Все, пора заканчивать описание путешествия. Собственно, на этом месте оно, путешествие, и переламывается, а дорога домой есть дорога домой. Заигравшись в творчество и малый бизнес, Пудис как-то забыл о сроках, чему я, впрочем, был даже рад — это уравновешивало мое зависание в Ганновере и я мог не чувствовать себя виноватым. Когда мы наконец очнулись и вспомнили, что наши визы истекут меньше чем через неделю, состоялся военный совет — стоит ли нам переходить на положение серьезных уже стопщиков, бродящих по объединенной Европе безо всяких разрешающих документов. Я-то, самое смешное, был по-неофитски за, но Пудис, имевший опыт, мой пыл умерил, объяснив, что, если попадешься, это может обернуться действительно большими проблемами — ну, не тюремным сроком, но долгими разбирательствами, тем более что платить огромные предусмотренные тут штрафы нам к тому моменту уже наверняка будет нечем. Так что из Милана, вместо Рима и Флоренции, мы повернули назад, на север, на северо-восток, если точнее. Денег у нас теперь было достаточно, и мы потакали себе в чем могли, а передвигались автобусами.

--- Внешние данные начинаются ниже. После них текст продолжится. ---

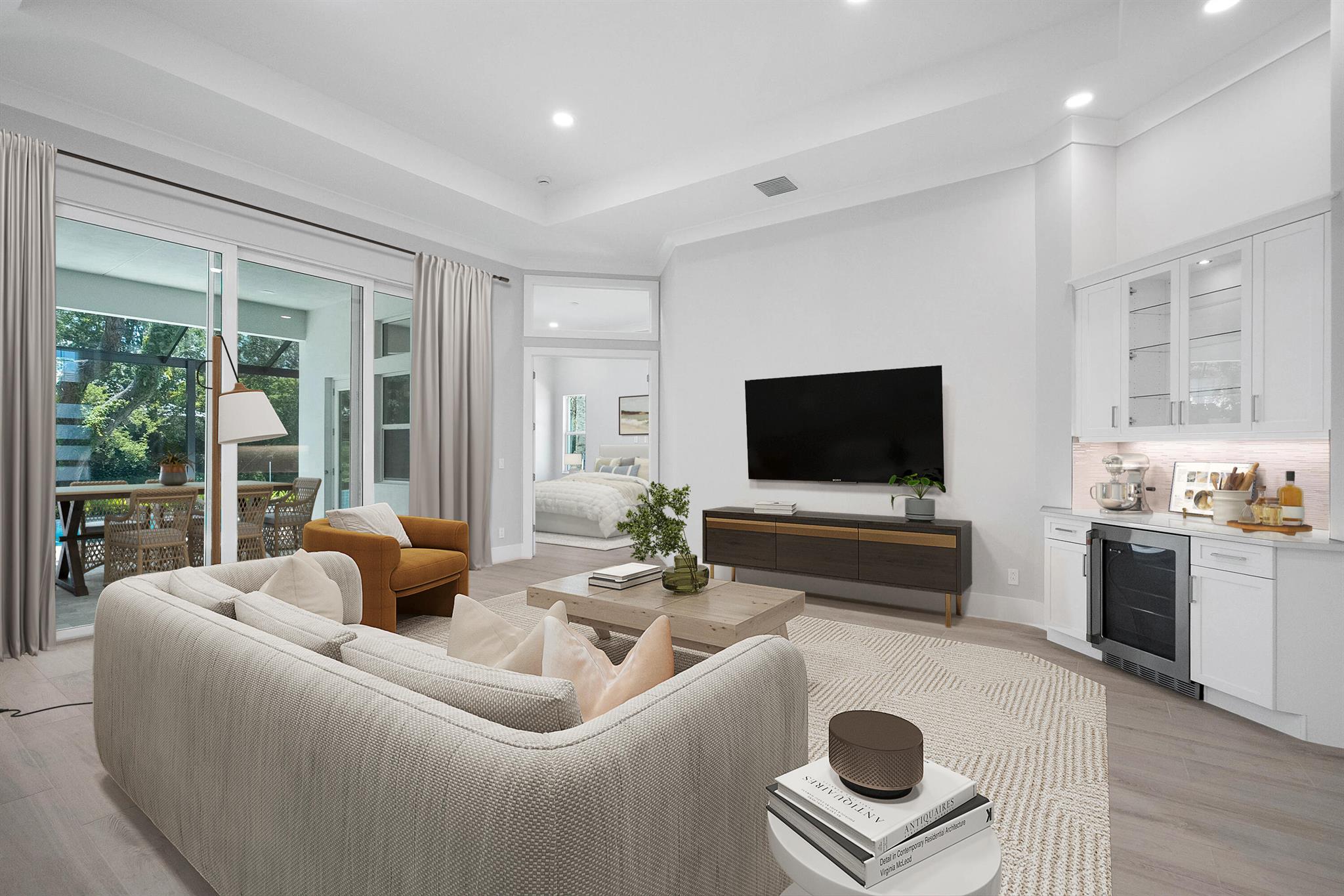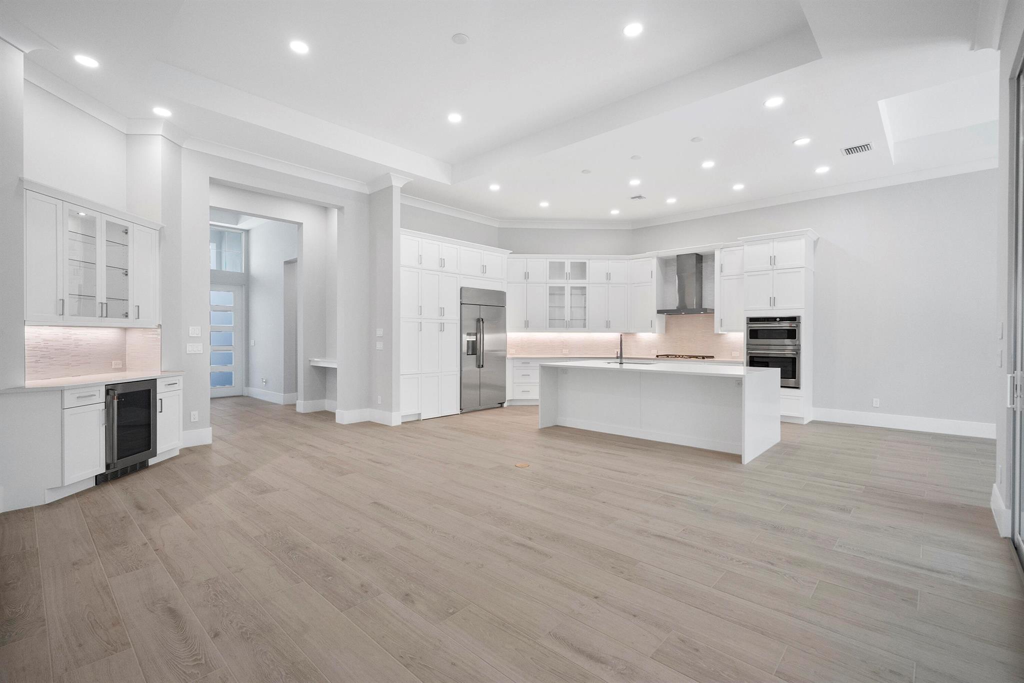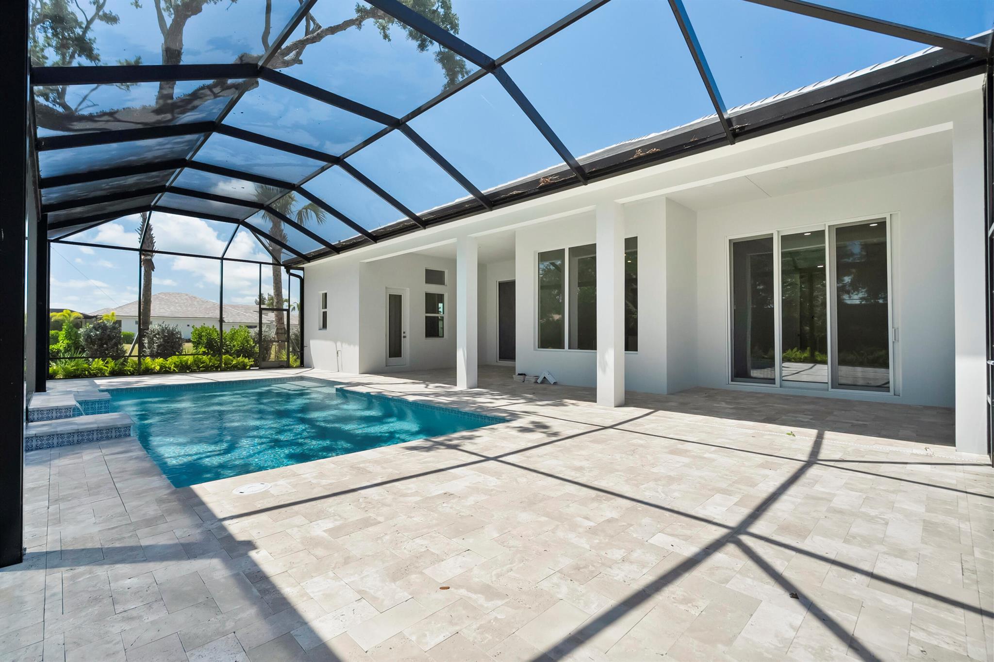 This 3 bedroom, 4.5 bath plus club room move-in ready home showcases exceptional finishes throughout its 2,821 square feet of air-conditioned living space. The gourmet kitchen features stacked cabinetry, an oversized center island, a walk-in pantry, LED undercabinet lighting, a stainless-steel hood, and a built-in 42'' refrigerator. The home also includes elegant porcelain tile flooring throughout. The laundry room is complete with a front-load washer and dryer with matching pedestals. This home boasts 12-foot ceilings and large windows that open to a spacious covered lanai and a custom saltwater pool. The outdoor area is enhanced with travertine pavers and a screened enclosure, perfect for enjoying Florida's coastal climate. Full house generator included!
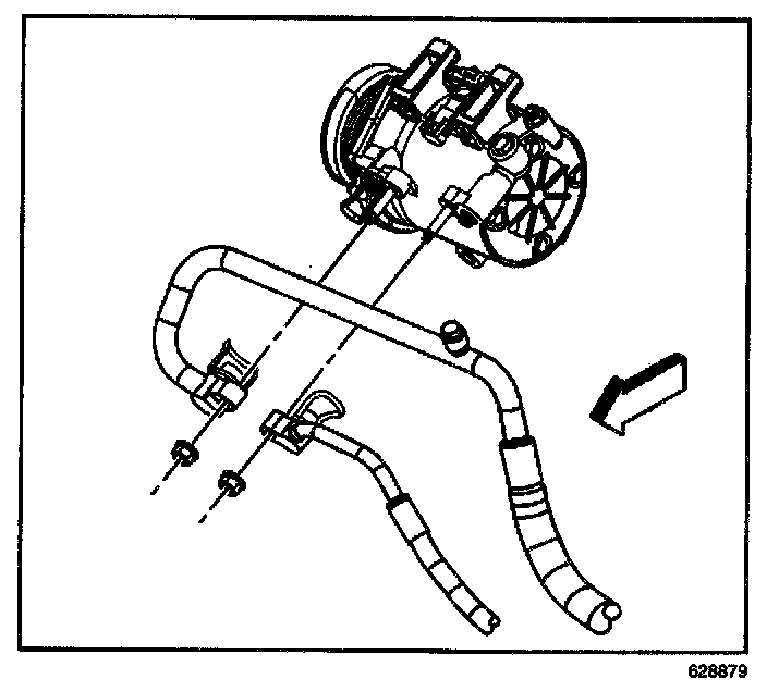 14. Disconnect the discharge hose from the compressor.

Вечер и ночь в Венеции, полдня в Вене, день в Праге, куда мы решили заехать, уже убедившись, что всюду успеваем, а также чудесный польский Вроцлав тоже, конечно, заслуживают рассказа. Но я читаю все, что успел написать, и вижу: получилось у меня не то, что я хотел. Вышла какая-то череда забавных историй, а ведь намерение было другое. Я теперь догадываюсь, что настоящий писатель должен уметь обходиться вообще без историй. Хотелось побольше рассказать о Пудисе. Вот, пока он был рядом, не чувствовалось в нем ни загадки, ни пустоты (не в смысле никчемности — я имею в виду затушеванность простых свойств, о которых легко говорить). А теперь обнаружилось и то и другое, теперь он от меня ускользает. Я хотел изобразить особое, сплошное и плотное течение времени — пожалуй, главное открытие для меня в той поездке. А получилось как в кино: кадр, перемиг, новый кадр. И еще мне не удалось передать ощущение, в котором я дал себе отчет, только вернувшись домой, но тут же понял, что оно, оказывается, сопутствовало мне все время, было, пусть слабым и дальним, фоном для всех без исключения впечатлений. Я чувствовал, что здешний большой праздник, на который мы вдруг попали, на самом деле давно уже закончен, его догуливают по инерции, потому что никто не отваживается первым признать, что все уже позади и пора расходиться. Кожей ощущал, как хрупок и просрочен европейский покой. Его чудесным образом не нарушили даже войны последних десятилетий. Обычному немцу, баварцу, да что там, даже итальянцу, который мог бы доехать на автомобиле до Сараева за световой день, а до Косова меньше чем за сутки, представляется, что это все-таки где-то далеко, в ином совсем мире, куда порой отправляются с очередной благородной миссией европейские солдаты, не приученные к мысли, что на войне могут и убить; откуда появляются беженцы, создающие проблемы.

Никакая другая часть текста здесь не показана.